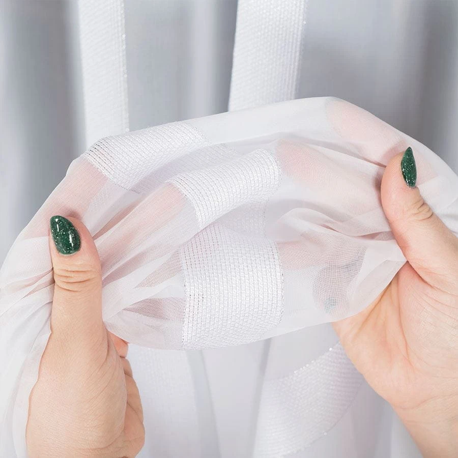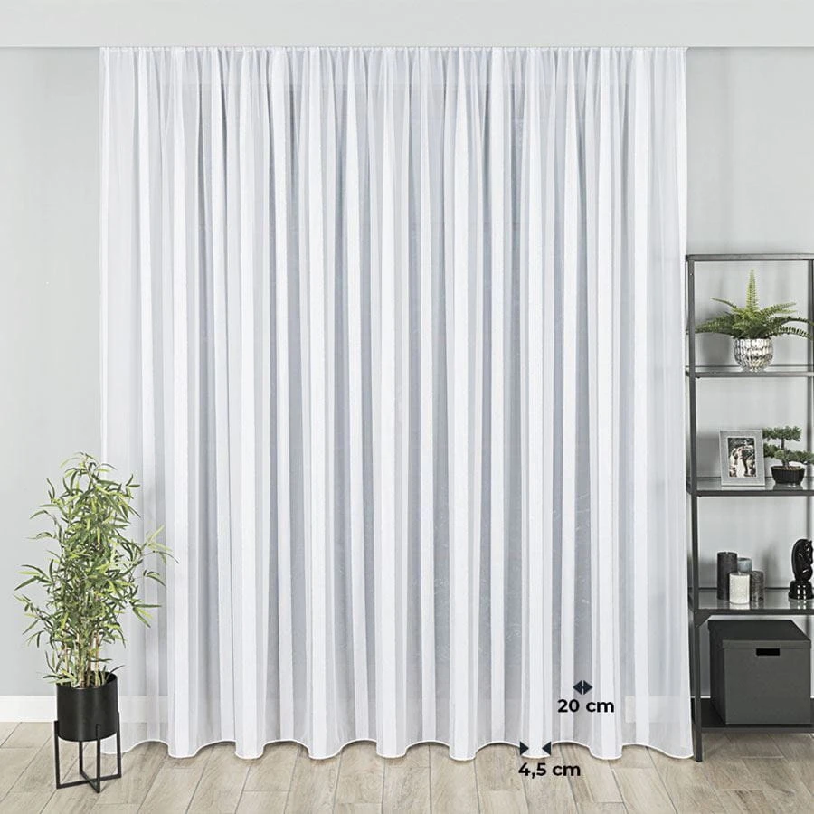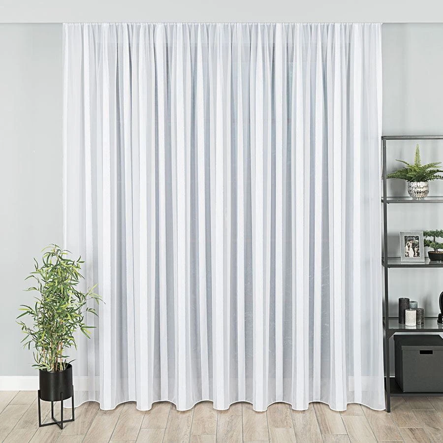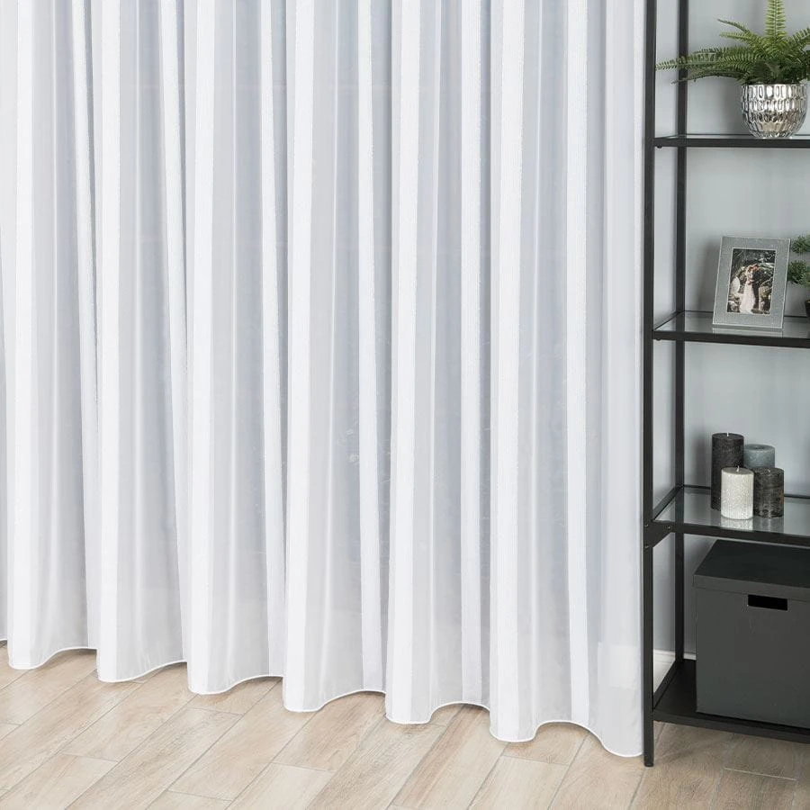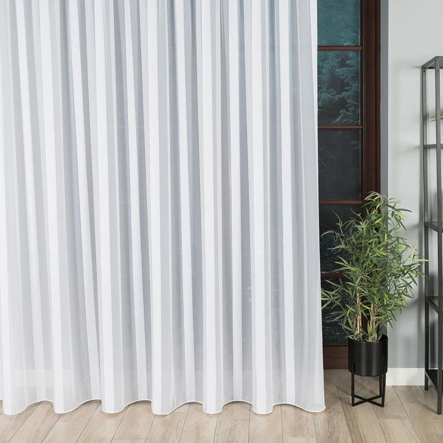 Firanka fantazyjna z ołowianką, z pionowymi pasami, wysokość 300cm, kolor biały
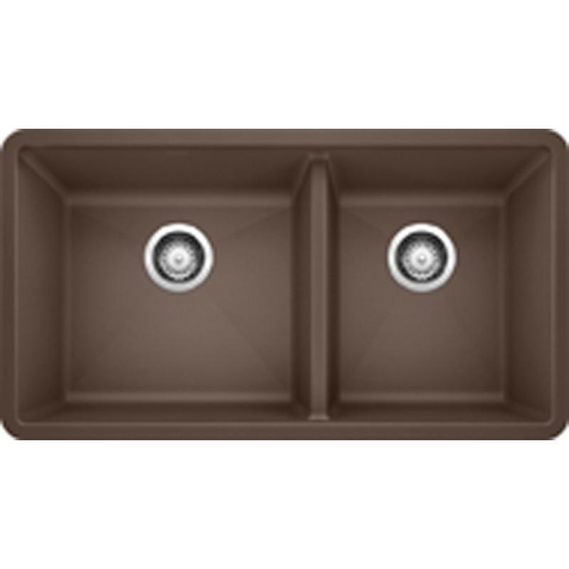 BLANCO Kitchen Sink, Precis U 1-3/4 Collection, Center, Rear Drain Location, 3-1/2 in Drain, Silgranit, Cafe, 2 Bowls, Rectangular Shape, 16 in L x 13 in W x 9-1/2 in D Sink Bowl Size (Right), Sink Bowl Size (Single or Left): 16 in L x 17 in W x 9-1/2 in D, 36 in Minimum Cabinet, 18 in Length, 33 in Width, 9-1/2 in Height
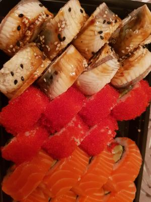 Заказывали сет Топ. Просто потрясающе!!! Спасибо!!! Толстенные куски лосося и окуня!! Ещё бы угорь такой же толщины...😄😄😄 Заказываем не первый раз, ничего не меняется, по-прежнему самые вкусные суши!!! Молодцы!!! Процветания вам!
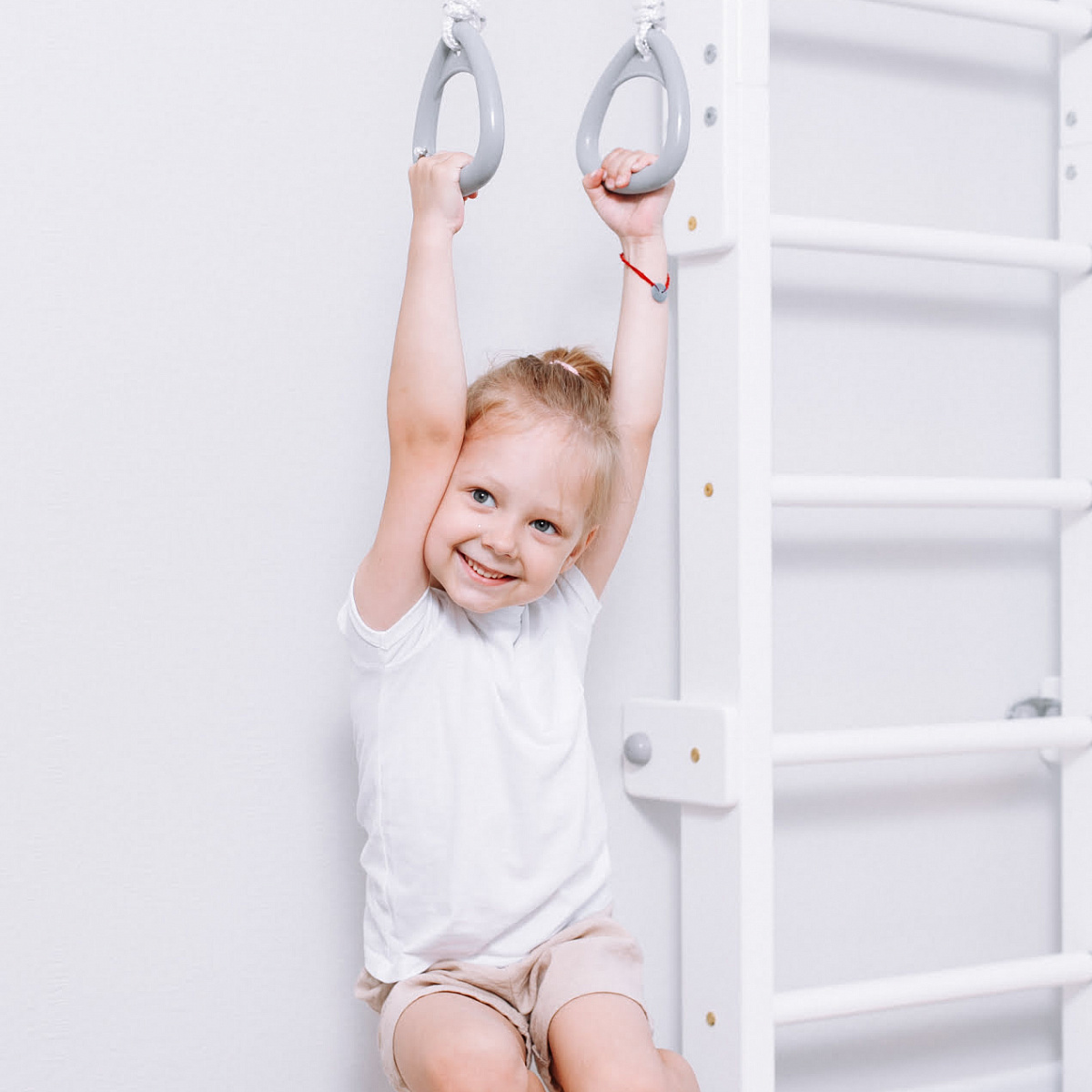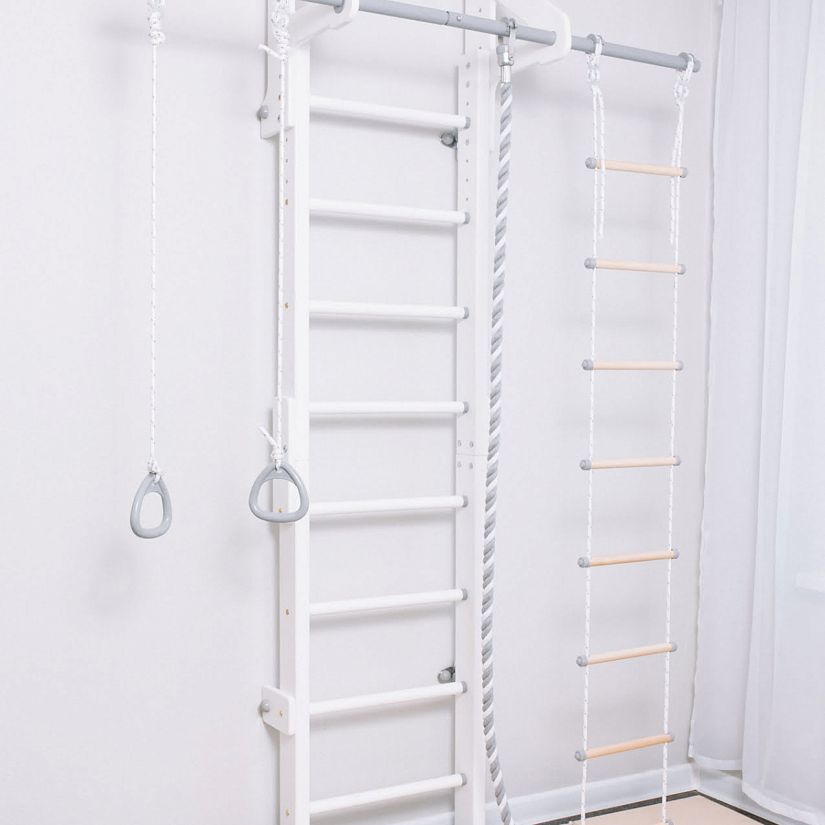 ROMANA Eco2.1 - это дополненная прочным турником и навесным оборудованием модель деревянной шведской стенки в белом цвете.

▬▬▬▬▬▬

* [What the exercise asks] Output the whole of the data, unchanged; keep the pictures out.

* [Exercise answer]
 Firanka fantazyjna z ołowianką, z pionowymi pasami, wysokość 300cm, kolor biały
 BLANCO Kitchen Sink, Precis U 1-3/4 Collection, Center, Rear Drain Location, 3-1/2 in Drain, Silgranit, Cafe, 2 Bowls, Rectangular Shape, 16 in L x 13 in W x 9-1/2 in D Sink Bowl Size (Right), Sink Bowl Size (Single or Left): 16 in L x 17 in W x 9-1/2 in D, 36 in Minimum Cabinet, 18 in Length, 33 in Width, 9-1/2 in Height
 Заказывали сет Топ. Просто потрясающе!!! Спасибо!!! Толстенные куски лосося и окуня!! Ещё бы угорь такой же толщины...😄😄😄 Заказываем не первый раз, ничего не меняется, по-прежнему самые вкусные суши!!! Молодцы!!! Процветания вам!
 ROMANA Eco2.1 - это дополненная прочным турником и навесным оборудованием модель деревянной шведской стенки в белом цвете.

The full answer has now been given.